69 through 79 76, 78 75, 77 More lenses. Object $o$stands on the central axis of a thin symmetric lens. For this situation, each problem in Table 34-8 refers to (a) the lens type, converging $\left(C\right)$ or diverging $\left(D\right)$ , (b) the focal distance $f$ , (c) the object distance p, (d) the image distance i, and (e) the lateral magnification m. (All distances are in centimeters.) It also refers to whether (f) the image is real $\left(R\right)$or virtual $\left(V\right)$, (g) inverted $\left(I\right)$ or non-inverted (NI) from $O$, and (h) on the same side of the lens as $O$or on the opposite side. Fill in the missing information, including the value of m when only an inequality is given, where only a sign is missing, answer with the sign.

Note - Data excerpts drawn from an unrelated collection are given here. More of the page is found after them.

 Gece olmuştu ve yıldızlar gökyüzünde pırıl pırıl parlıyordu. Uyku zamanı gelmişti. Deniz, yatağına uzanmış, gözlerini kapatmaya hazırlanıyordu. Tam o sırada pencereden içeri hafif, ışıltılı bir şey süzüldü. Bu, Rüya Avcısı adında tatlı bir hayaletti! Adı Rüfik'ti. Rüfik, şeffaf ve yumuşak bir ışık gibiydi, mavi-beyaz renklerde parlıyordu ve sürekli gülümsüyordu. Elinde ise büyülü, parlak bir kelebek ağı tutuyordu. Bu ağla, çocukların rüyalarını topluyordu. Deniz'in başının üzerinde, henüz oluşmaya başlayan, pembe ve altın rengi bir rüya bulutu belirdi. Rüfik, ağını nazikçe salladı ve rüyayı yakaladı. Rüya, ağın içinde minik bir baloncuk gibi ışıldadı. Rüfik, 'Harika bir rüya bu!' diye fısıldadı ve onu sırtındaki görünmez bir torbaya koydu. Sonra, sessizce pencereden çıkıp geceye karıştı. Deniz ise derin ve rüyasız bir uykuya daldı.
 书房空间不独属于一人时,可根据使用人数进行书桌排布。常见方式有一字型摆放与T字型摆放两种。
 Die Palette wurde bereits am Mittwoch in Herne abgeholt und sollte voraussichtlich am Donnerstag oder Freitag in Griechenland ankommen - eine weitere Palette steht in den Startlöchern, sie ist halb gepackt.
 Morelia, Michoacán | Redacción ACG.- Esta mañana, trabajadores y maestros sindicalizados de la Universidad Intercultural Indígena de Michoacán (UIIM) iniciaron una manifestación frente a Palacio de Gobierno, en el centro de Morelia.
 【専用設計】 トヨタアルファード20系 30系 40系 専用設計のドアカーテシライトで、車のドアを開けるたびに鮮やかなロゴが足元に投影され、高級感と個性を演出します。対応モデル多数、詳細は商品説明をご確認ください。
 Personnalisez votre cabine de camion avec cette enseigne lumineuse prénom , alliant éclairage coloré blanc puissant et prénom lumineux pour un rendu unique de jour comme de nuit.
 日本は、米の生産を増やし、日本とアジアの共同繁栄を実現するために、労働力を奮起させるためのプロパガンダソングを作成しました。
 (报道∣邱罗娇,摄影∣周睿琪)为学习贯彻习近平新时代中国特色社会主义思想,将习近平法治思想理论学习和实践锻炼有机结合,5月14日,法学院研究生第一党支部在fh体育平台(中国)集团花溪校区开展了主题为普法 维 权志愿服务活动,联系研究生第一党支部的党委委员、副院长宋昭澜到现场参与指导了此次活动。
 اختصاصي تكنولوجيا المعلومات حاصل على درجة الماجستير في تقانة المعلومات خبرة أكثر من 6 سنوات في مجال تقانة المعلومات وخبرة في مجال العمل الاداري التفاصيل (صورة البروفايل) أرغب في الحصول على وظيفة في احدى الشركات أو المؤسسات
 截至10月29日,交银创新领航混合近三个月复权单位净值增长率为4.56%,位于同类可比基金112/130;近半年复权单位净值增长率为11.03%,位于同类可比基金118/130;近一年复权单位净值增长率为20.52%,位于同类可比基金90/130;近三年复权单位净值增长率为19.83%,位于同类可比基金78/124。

1. The lens is a converging type of lens.
2. The object distance, $p=+20\text{cm}$
3. The focal length of the lens, $f=10\text{cm}$
4. The lens is converging.

An object, when placed in front of a lens, produces an image. It could be real or virtual, magnified or diminished, inverted or not inverted. The type of image is decided by the type of lens used, the focal length of the lens, and the distance of the object from the lens.

Formulae:

The lens formula, $\frac{1}{f}=\frac{1}{p}+\frac{1}{i}$ (i)

The magnification formula of the lens, $m=-\frac{i}{p}$ (ii)

From the given data in table, the lens is converging.

From the data in table, the focal distance is +10cm .

The object distance is +20 cm as given in the problem.

Using the given data in equation (i), the image distance can be given as follows:

$$\begin{gathered} \frac{1}{i}=\frac{1}{10}-\frac{1}{20} \\ =\frac{1}{20} \\ i=+20\text{cm} \end{gathered}$$

Hence, the image distance is $+20\mathrm{cm}$and positive.

Now, using the given object distance and the above image distance, we can get the lateral magnification of the lens as follows:

$$\begin{gathered} m=\frac{-20}{20} \\ =-1.0\text{cm} \end{gathered}$$

Hence, the lateral magnification is $-1.0\mathrm{cm}$.

The image is real because the image distance is positive.

Hence, the image is real (R).

The image is inverted as the lens is converging.

Hence, the image is inverted (I).

The image is on the opposite of the lens as O since the image distance is positive.

Hence, the image is on the opposite side of object.